> [DATA FOR THIS EXERCISE]:
········

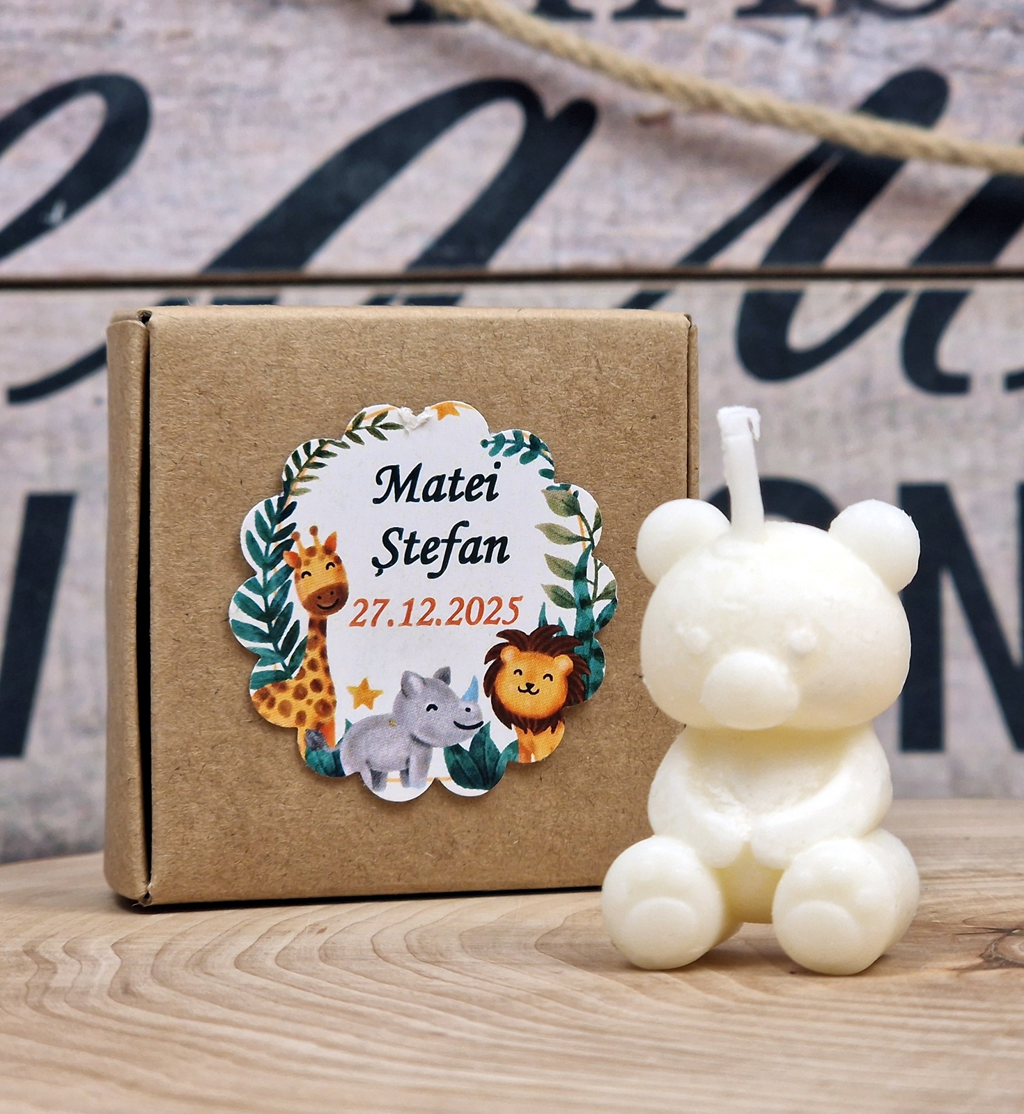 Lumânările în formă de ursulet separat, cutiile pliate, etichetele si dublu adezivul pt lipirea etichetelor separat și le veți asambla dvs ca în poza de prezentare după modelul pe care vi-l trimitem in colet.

········

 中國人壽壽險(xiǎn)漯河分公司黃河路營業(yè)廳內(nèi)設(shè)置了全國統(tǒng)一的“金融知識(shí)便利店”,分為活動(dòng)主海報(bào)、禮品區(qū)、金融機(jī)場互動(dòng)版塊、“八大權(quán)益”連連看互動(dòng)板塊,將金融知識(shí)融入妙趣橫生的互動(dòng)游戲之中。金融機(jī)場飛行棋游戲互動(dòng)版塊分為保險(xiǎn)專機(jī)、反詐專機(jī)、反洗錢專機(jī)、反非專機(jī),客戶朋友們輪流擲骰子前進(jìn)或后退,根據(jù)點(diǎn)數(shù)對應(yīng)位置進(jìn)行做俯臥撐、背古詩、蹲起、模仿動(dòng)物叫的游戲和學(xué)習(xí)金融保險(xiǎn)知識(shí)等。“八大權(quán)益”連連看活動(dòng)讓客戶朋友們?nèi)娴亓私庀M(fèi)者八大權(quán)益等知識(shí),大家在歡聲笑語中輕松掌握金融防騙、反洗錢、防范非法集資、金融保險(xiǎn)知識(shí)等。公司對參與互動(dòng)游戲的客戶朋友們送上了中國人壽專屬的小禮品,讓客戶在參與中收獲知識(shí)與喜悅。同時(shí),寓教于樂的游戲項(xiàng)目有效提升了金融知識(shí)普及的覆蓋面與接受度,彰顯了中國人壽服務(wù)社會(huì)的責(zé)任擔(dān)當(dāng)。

········

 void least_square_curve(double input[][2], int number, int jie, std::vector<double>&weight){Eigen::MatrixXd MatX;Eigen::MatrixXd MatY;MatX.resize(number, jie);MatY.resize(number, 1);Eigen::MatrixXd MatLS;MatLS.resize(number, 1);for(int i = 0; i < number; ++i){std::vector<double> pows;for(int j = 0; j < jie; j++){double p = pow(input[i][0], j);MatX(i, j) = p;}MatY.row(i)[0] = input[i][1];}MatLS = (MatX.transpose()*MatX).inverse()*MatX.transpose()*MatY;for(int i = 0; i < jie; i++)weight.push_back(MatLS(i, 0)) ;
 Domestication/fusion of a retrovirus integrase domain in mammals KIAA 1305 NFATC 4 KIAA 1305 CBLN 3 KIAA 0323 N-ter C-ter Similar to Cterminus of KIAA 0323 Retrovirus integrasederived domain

········

> [WHAT YOU NEED TO DO]:
Extract exactly and only the lines above from the line containing "void least_square_curve(double input[][2], int" through the line containing "Domestication/fusion of a", both end lines included.

> [SOLVED PROBLEM]:
 void least_square_curve(double input[][2], int number, int jie, std::vector<double>&weight){Eigen::MatrixXd MatX;Eigen::MatrixXd MatY;MatX.resize(number, jie);MatY.resize(number, 1);Eigen::MatrixXd MatLS;MatLS.resize(number, 1);for(int i = 0; i < number; ++i){std::vector<double> pows;for(int j = 0; j < jie; j++){double p = pow(input[i][0], j);MatX(i, j) = p;}MatY.row(i)[0] = input[i][1];}MatLS = (MatX.transpose()*MatX).inverse()*MatX.transpose()*MatY;for(int i = 0; i < jie; i++)weight.push_back(MatLS(i, 0)) ;
 Domestication/fusion of a retrovirus integrase domain in mammals KIAA 1305 NFATC 4 KIAA 1305 CBLN 3 KIAA 0323 N-ter C-ter Similar to Cterminus of KIAA 0323 Retrovirus integrasederived domain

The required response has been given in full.